Beyond the Ear: Why Say No?

The title does not intend for the concept of no being permissive but a responsible and logical answer.

A deaf teen asks his/her parents and the parents answer:

Can I learn how to drive?  No  Can I learn how to do the dishes? No  Can I feed the dog? No… Can I, Can I and the ‘can I’s go on… each with an answer of ‘No’. Finally the teen asks, ‘Why are you saying no?’, the parents answer back, “Because you are deaf”.

So the power of No when it comes to doing what basically are daily life skills can be demeaning to a child or an teen who has been constantly told “No” all his/her life.  Why should being deaf or a person with a disability be a barrier to living life to its fullest?

What happens to this person when his parents passes away? Everything has been done for him/her and he/she is dependent on his/her parents to do the job that he/she needed to learn years ago. Not only is it essential, these daily life skills such as cleaning the room, doing dishes, taking out the dog for a walk or driving enables a person to be independent most of the time. What I mean by “most of the time” is that it is okay to ask for help when needed. Really, it is okay to let them live and learn and help when they ask for it. Really.

The word “No” often is a negative term and can act as a double stigmata when it comes to allowing people with disabilities to learn various skills, find their limits and create solutions to those limits. Often, ‘no’ is a discipline tool, intended to teach a lesson or provide a rationale to why an action should not be done; however, when it comes to people who are deaf or others who have disabilities, it is a barrier.
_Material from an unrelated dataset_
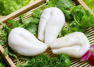 將烏魚蛋從罐頭內(nèi)取出,將其一片片揭開,用清水沖洗兩遍。鍋內(nèi)加入清水1500克,燒開后放入30克泡打粉、30克堿面調(diào)勻,下入烏魚蛋小火煮30分鐘倒出。按著這種方法反復操作三次,再用清水煮一次,即可使用,還可以用冷水浸泡,隨用隨取。烹調(diào)后,烏魚蛋沒有一絲腥味。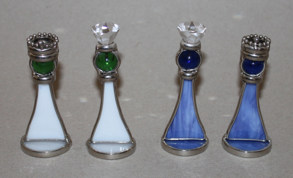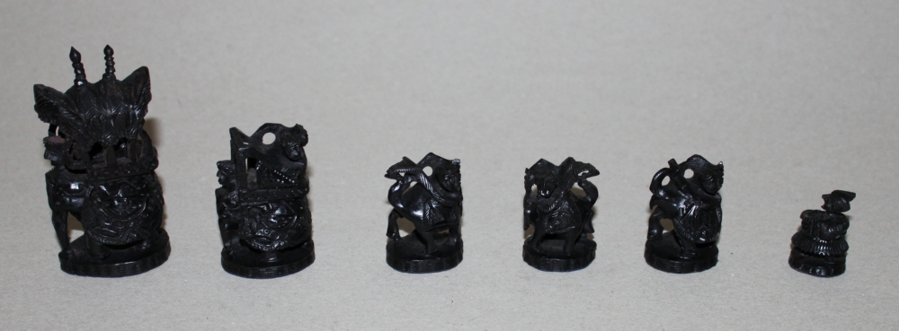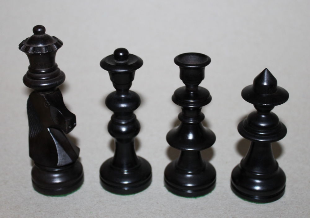 Eine Vogelschachfigur (Schwarze Dame) ohne Standfuß. Alle Figuren haben

A barrier, yes. It is a barrier between this person’s ability to achieve to his/her fullest, accessing resources available in the environment and becoming who they are intended to be. It is also a barrier to the parents, they will not be able to see their child become independent. They will probably endure complaints about the inability of their child to function without their help.

It is astonishing to see that the children of ‘no’s can be found in nursing homes, group homes, in jails, in mental health institutes because they are unable or limited to skills that they have learned because of one single word that is pretty much a stigmata thanks to the medical field (the media holds some responsibility as well), ‘deaf’.

Being deaf is not whole of each individual. There are many parts to this individual, once you say ‘no’, you are saying no to the whole on basis of one little part.  Saying “no” is a huge responsibility, often with repercussions.

Go beyond the ear and see the person for the whole, who they are, will be and can be. Be responsible for their life and future.  Why say no?  Let them live their life with your experience and education, let them experience life on their terms with your support.